Practical Servo Usage Challenges

• Limitations that may affect the application of servo motors in retrieval systems include:

  • Torque capacity: Requires careful calculations to match system requirements.

  • Weight balance: Proper distribution is essential for effective operation and to prevent mechanical failure.

  • Speed and response time: Must meet design specifications for real-time operations.

Example Scenarios:

• Excavator's Hydraulic Boom Issue: Analyze the impact of winch placement on lifting capacity and how it must consider load distribution and safety.

Team-Based Learning

• Encourage teamwork in identifying risks associated with project components and managing them using structured risk classification tables and matrices.

Risk Analyses

• Assess identified risks based on their severity and likelihood, developing action plans to address each risk effectively.

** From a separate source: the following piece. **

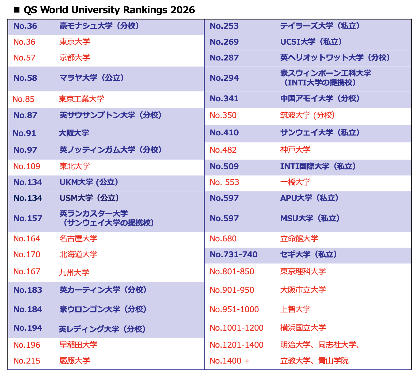 | マラヤ大学(UM) | 60位 | 251-300位 |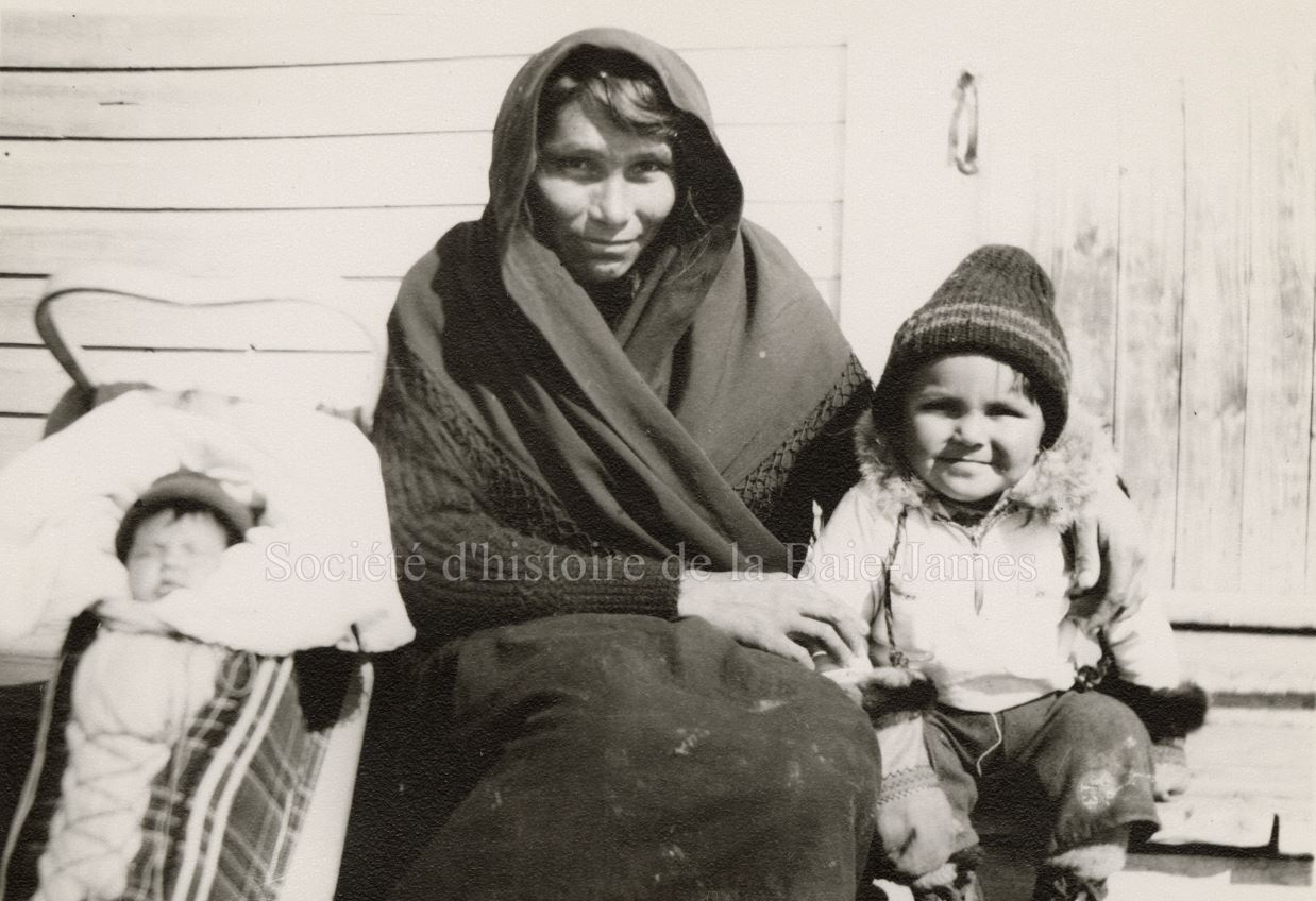 Une mère Crie et ses deux enfants, probablement à la mission catholique de Fort Albany, dans les années 1930. P195,S1,D1,P21.

Risk Management Strategies

• Engage in strategies such as avoidance, mitigation, transferring or accepting risks based on thorough evaluation to ensure project success.

The E-Poster Process

• Create effective e-posters that incorporate critical design aspects, insights from the design process, and evaluations of risk management practices to clearly communicate project outcomes.

Feedback Mechanisms

• Implement the 3x3 Feedback Model to deliver and receive constructive feedback effectively during peer evaluations, promoting continuous improvement throughout the project cycle.

Conclusion

Students should aim to develop a comprehensive understanding of servo motors, the design process, and efficient cooperative project management strategies to excel in upcoming competitions, enhancing both their technical skills and collaborative capabilities.